*** Opening Available records ***

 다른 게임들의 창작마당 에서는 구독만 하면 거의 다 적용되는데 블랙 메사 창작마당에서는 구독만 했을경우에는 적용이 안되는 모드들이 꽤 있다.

*** Closing Available records ***
*** Opening Available records ***

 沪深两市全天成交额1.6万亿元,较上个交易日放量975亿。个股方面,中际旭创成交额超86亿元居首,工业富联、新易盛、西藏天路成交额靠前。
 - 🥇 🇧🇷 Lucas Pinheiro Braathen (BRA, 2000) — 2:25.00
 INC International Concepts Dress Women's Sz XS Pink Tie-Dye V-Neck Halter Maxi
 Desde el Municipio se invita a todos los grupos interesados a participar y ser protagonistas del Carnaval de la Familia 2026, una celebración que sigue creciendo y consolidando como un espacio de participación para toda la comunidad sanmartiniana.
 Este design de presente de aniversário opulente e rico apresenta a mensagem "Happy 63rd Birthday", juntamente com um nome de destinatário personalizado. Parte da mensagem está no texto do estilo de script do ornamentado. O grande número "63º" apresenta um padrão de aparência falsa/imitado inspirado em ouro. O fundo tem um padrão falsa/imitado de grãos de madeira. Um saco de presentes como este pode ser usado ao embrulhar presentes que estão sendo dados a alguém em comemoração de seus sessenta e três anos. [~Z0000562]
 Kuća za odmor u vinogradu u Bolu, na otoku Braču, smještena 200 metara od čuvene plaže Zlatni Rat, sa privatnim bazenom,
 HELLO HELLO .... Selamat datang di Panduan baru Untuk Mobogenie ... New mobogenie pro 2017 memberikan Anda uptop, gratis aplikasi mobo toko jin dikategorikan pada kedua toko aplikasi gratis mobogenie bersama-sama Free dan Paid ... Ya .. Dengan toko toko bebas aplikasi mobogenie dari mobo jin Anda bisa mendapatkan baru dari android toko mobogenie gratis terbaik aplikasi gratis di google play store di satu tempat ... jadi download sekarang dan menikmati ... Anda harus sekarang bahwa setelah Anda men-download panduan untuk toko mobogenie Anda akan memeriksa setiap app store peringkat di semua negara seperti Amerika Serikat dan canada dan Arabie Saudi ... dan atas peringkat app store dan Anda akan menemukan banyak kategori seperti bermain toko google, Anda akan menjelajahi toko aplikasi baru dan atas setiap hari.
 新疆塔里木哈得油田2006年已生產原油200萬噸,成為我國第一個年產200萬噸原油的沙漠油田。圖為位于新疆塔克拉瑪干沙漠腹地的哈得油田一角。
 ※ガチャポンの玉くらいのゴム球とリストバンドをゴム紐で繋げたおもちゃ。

*** Closing Available records ***
*** Opening Available records ***

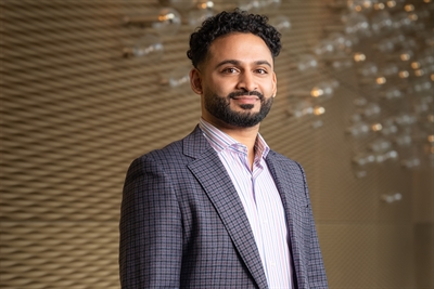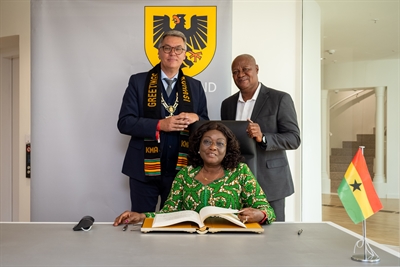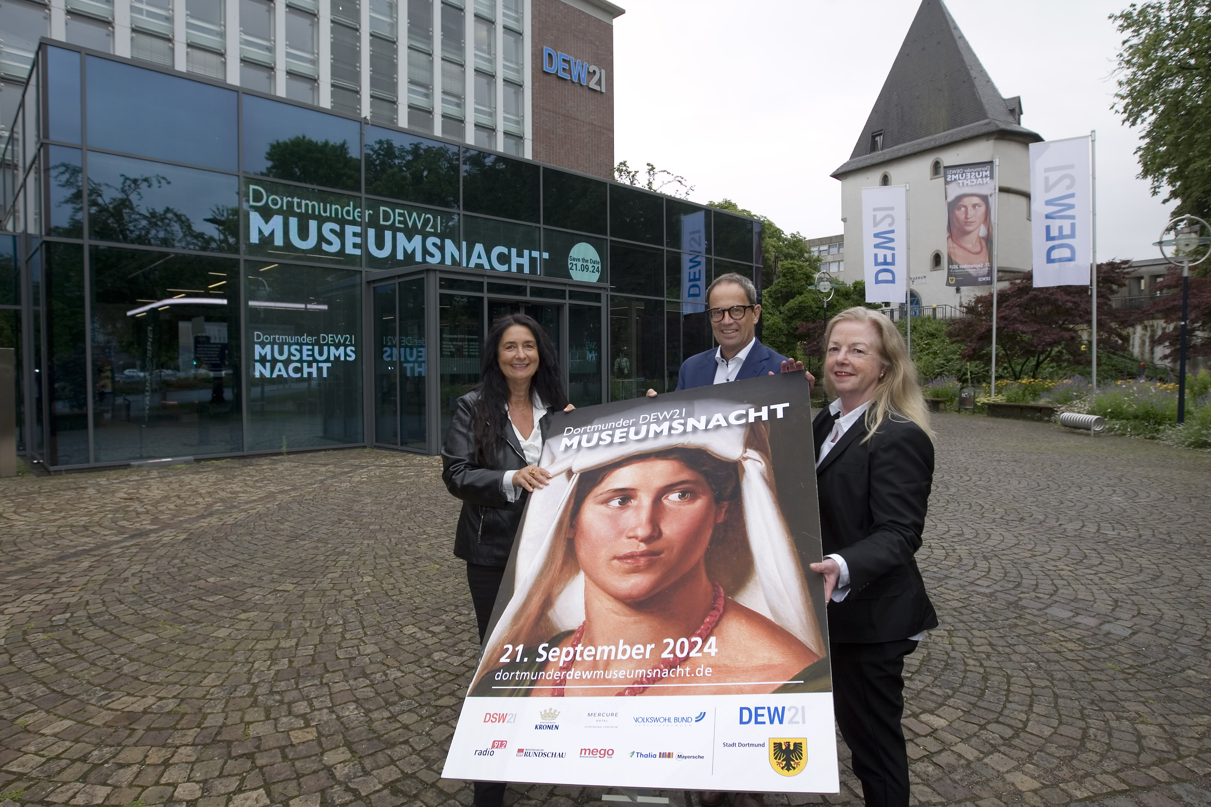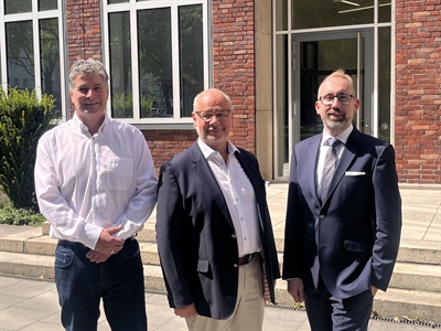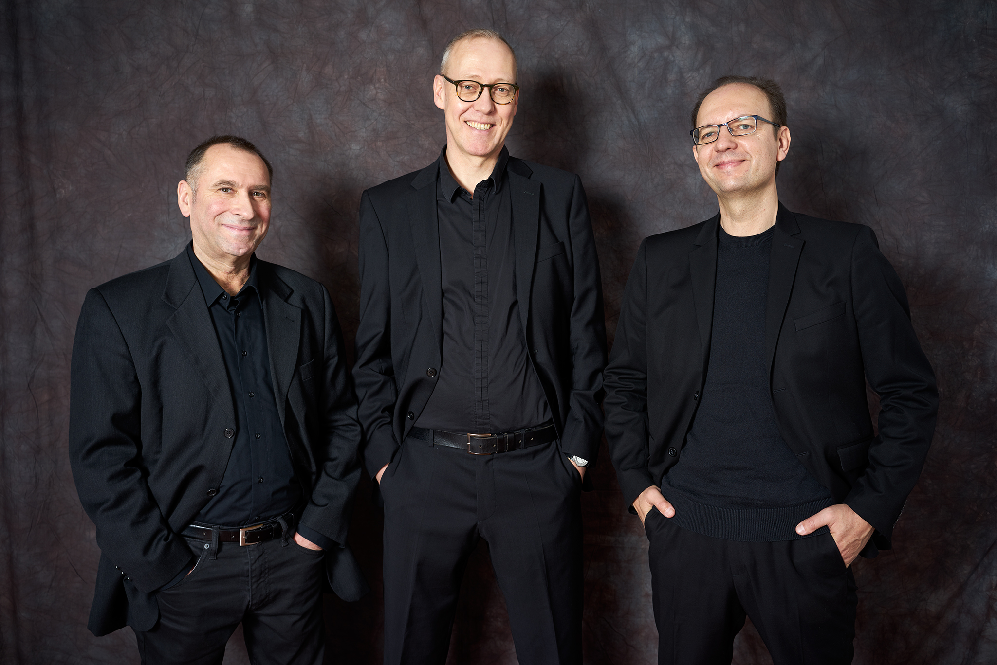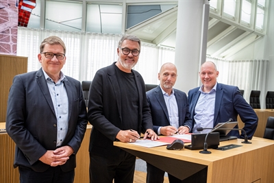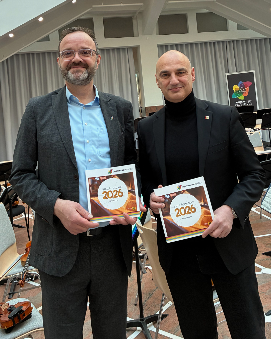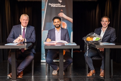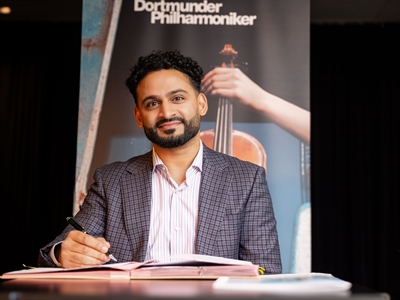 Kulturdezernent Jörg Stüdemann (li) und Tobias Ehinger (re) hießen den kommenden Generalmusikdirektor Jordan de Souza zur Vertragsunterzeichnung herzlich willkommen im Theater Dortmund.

*** Closing Available records ***

Your objective: Give back, unchanged, the run of lines in the listing above that begins at the line containing "沪深两市全天成交额1.6万亿" and ends at the line containing "INC International Concepts", both included.

Result of this task:
 沪深两市全天成交额1.6万亿元,较上个交易日放量975亿。个股方面,中际旭创成交额超86亿元居首,工业富联、新易盛、西藏天路成交额靠前。
 - 🥇 🇧🇷 Lucas Pinheiro Braathen (BRA, 2000) — 2:25.00
 INC International Concepts Dress Women's Sz XS Pink Tie-Dye V-Neck Halter Maxi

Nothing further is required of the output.